| About this exercise |
Nothing in the data should change when you return it, but leave the pictures out.
*** Opening Dataset section ***
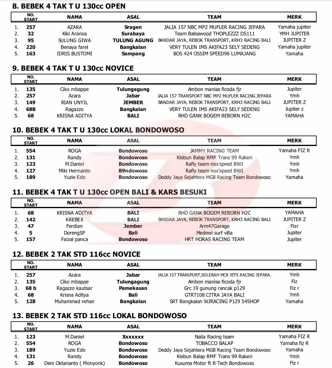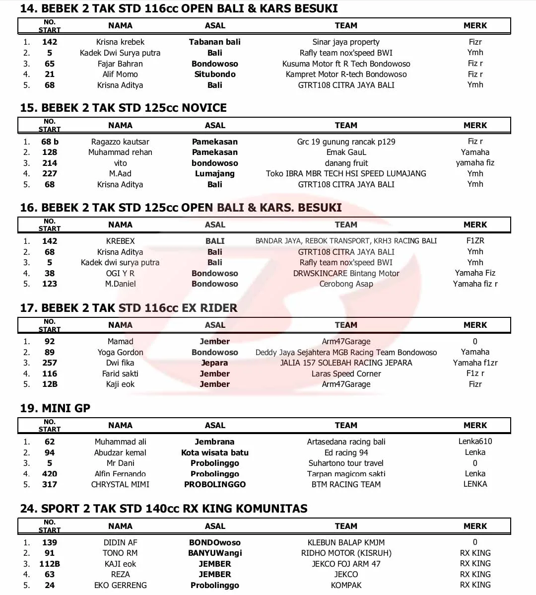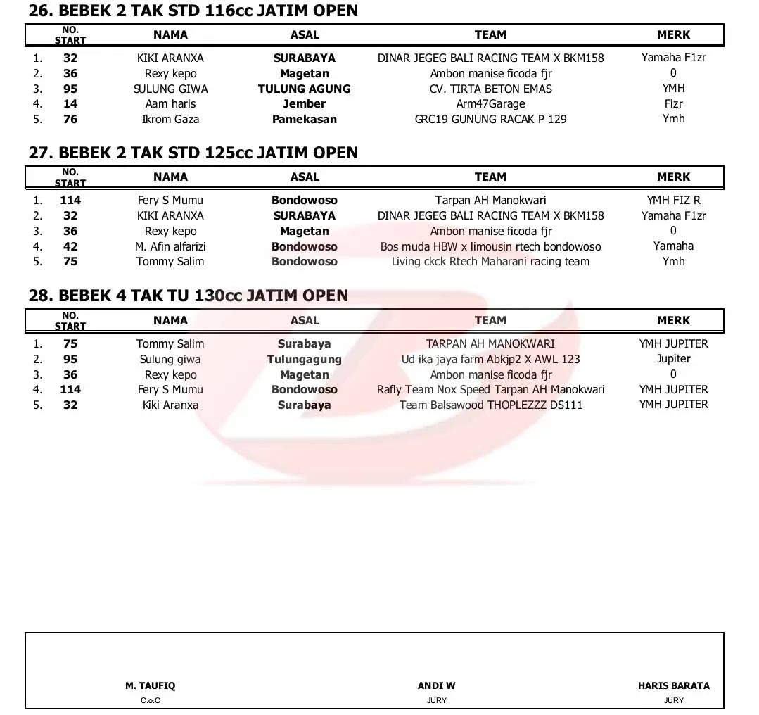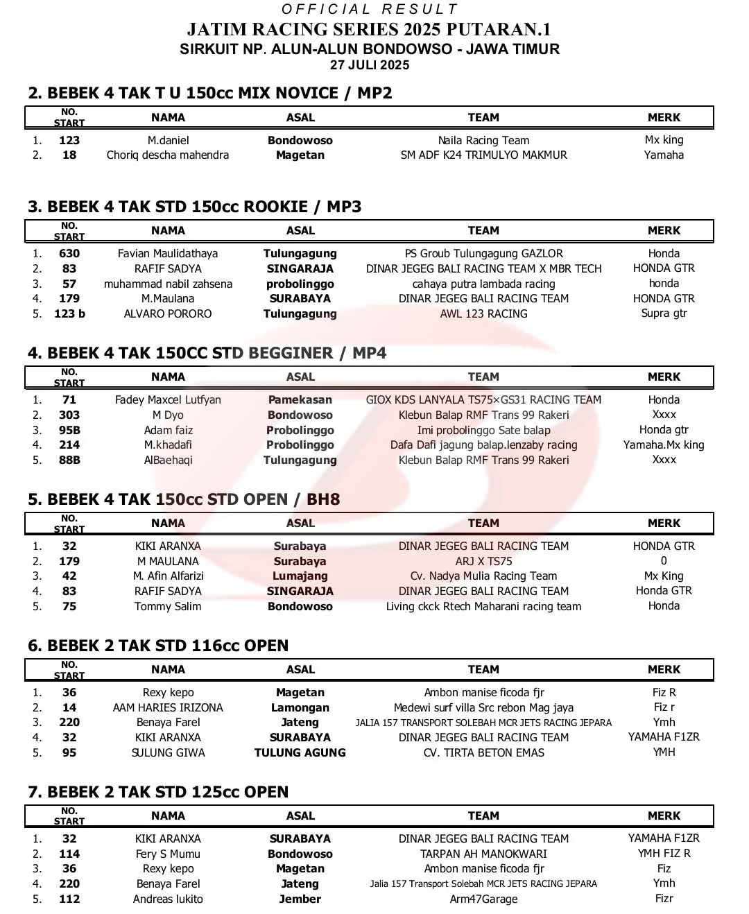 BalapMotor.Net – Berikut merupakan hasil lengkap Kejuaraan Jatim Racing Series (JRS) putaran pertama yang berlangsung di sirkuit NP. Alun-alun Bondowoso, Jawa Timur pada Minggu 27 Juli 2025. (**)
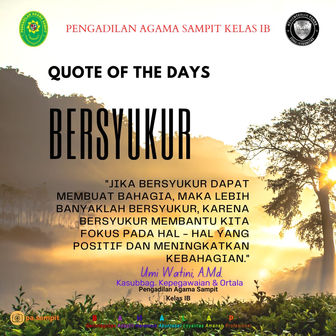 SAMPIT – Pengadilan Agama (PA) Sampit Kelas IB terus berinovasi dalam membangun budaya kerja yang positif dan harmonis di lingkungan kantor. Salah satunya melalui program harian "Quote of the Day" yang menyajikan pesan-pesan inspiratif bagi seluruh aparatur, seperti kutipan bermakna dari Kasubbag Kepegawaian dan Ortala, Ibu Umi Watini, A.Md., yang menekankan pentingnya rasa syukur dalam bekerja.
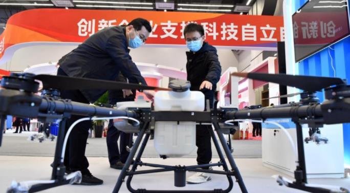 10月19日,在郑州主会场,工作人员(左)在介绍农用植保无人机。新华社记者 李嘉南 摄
*** Closing Dataset section ***
| Expected answer |
 BalapMotor.Net – Berikut merupakan hasil lengkap Kejuaraan Jatim Racing Series (JRS) putaran pertama yang berlangsung di sirkuit NP. Alun-alun Bondowoso, Jawa Timur pada Minggu 27 Juli 2025. (**)
 SAMPIT – Pengadilan Agama (PA) Sampit Kelas IB terus berinovasi dalam membangun budaya kerja yang positif dan harmonis di lingkungan kantor. Salah satunya melalui program harian "Quote of the Day" yang menyajikan pesan-pesan inspiratif bagi seluruh aparatur, seperti kutipan bermakna dari Kasubbag Kepegawaian dan Ortala, Ibu Umi Watini, A.Md., yang menekankan pentingnya rasa syukur dalam bekerja.
 10月19日,在郑州主会场,工作人员(左)在介绍农用植保无人机。新华社记者 李嘉南 摄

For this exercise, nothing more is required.